ハンドルは機能パーツとして、アフターマーケットでも人気があります。ナルディ、MOMOに代表されるように、スポーツ走行に適したものに交換すれば、コクピットのドレスアップにもつながります。一般的な使用を考えると、極端な小径ハンドルは避けた方が良いと思います。確かに小径のものは、半径が小さい分腕の動きは少なくてすみます。ただし、ハンドルは路面からのキックバックが入る場合があります。コーナリング中に路面にギャップなどがあった場合、小径ステアリングは強い入力が伝わり、それが直接腕に伝わるとハンドルのホールドが難しかったり、悪くすれば手が離れたり、打撲ということもあります。360φくらいのものが良いと思います。
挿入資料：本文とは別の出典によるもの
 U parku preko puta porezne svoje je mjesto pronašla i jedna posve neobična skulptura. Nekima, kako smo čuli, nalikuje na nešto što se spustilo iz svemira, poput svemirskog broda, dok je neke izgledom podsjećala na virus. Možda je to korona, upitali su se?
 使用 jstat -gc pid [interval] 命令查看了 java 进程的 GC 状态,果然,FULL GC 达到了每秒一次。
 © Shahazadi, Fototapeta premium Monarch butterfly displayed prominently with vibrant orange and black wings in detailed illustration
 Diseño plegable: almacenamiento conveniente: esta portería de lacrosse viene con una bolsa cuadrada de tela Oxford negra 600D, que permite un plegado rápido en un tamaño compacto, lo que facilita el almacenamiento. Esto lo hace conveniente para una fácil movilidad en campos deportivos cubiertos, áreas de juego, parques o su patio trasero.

極端な小径ハンドルを装着すると、コーナリング中にギャップを拾ったりすると、急激なキックバックで手が弾かれる危険性がある。

ディープコーンタイプも多くなりました。ペダル位置をそのままにステアリングを手前にもってくることができるので便利といえます。これはステアリングボススペーサーを入れても同じ効果が得られますので、よりファッション性を重視しているとも言えるでしょう。ボススペーサーだとロングボルトが必要になりますが、ショートボルトで済むという面もあります。真円ではない下部が切り取られたようなものも見られます。ステアリングを持ち替えないサーキット走行をメインに考えれば機能的といえると思いますが、一般的な走行を考えると必要ないのではないかと思います。
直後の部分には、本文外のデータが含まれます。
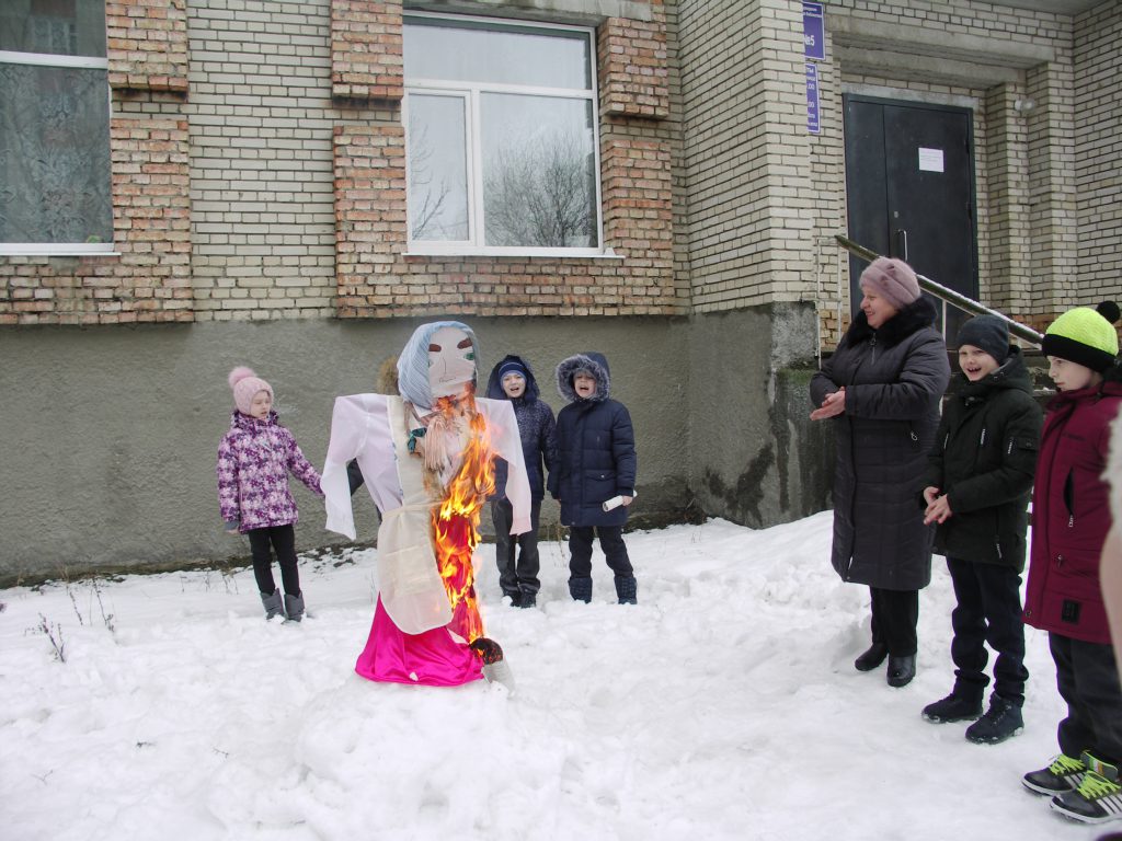 Ребята с большим воодушевлением участвовали в различных конкурсах масленичной недели. Так, из конкурса «Загадки на Масленицу» ребята узнали, из чего пекут блины. А с каким весельем и задором дети перетягивали канат. Все участники показали себя ловкими и умелыми в эстафете «Бег в мешках». С радостью и удовольствием мальчишки и девчонки состязались в петушиных боях. Кульминацией праздника стало традиционное масленичное угощение – ароматный чай и вкусные блины. Блины были просто объеденье! Спасибо огромное мастерицам-мамам! Затем родители с детьми вышли на улицу. Здесь главным символом праздника стало соломенное чучело зимы, наряженное в женскую одежду, которое сожгли под дружное скандирование: «Гори, гори ясно, чтобы не погасло!», тем самым прощаясь с холодами и зимой.

最近の主流はディープコーンタイプ。ペダルまでの位置を変えずにハンドル位置だけ近くしたいときには有効なアイテムだ。

ハンドルを交換しても速く走れるわけではない!

ひとつ言えるのはステアリングを交換しても速く走れるわけではないということです。現代のスポーティなクルマは、それなりに機能的なハンドルが装着されています。特にエアバッグ付きの場合は、交換することによってエアバッグが無くなってしまうこともありますので、交換には熟考が必要でしょう。脇道にそれてしまいますが、スポーティ走行を考えるならばバケットシートとフルハーネスシートベルトの方が先だと思います。これによって、正確なステアリングワークが可能になる面もあります。

F1などを意識した異型ハンドルも販売されているが、それを付けたからといって速く走れるわけではない。見た目よりも機能性を重視したい。

まとめ

スポーツ走行での逆手ハンドルはちょっといただけない……。

ステアリングワークは先に解説したように、基本を抑えた上で自分の回しやすいように回せばいいと考えます。ステアリングワークのタブーとして「逆手ハンドル」が上げられます。ステアリングの12時あたりを手のひらを上にして握り(逆手)引き下ろすように回す方法です。一度、はじめてサーキットを走るドライバーの横に乗ったときに、そのドライバーが逆手ハンドルで走ったので、非常に怖い思いをしたことがあります。さすがにトップドライバーがスポーツ走行をするときにこれをするのは見たことはありません。ただ、天才ラリードライバーと言われ、海外ラリー経験も豊富な神岡政夫選手が逆手ハンドルを使っていたという半ば伝説化した話もあります。トップドライバーでも、一般走行で逆手ハンドルをしてるのは見たことがありますから、状況によりますが、絶対にしてはいけないというものでもないのでしょう。おすすめはしませんが……。

正しいシートポジション、スムーズなステアリング回しは上手なドライビングの基本となる。かっこいいドライバーを目指そう!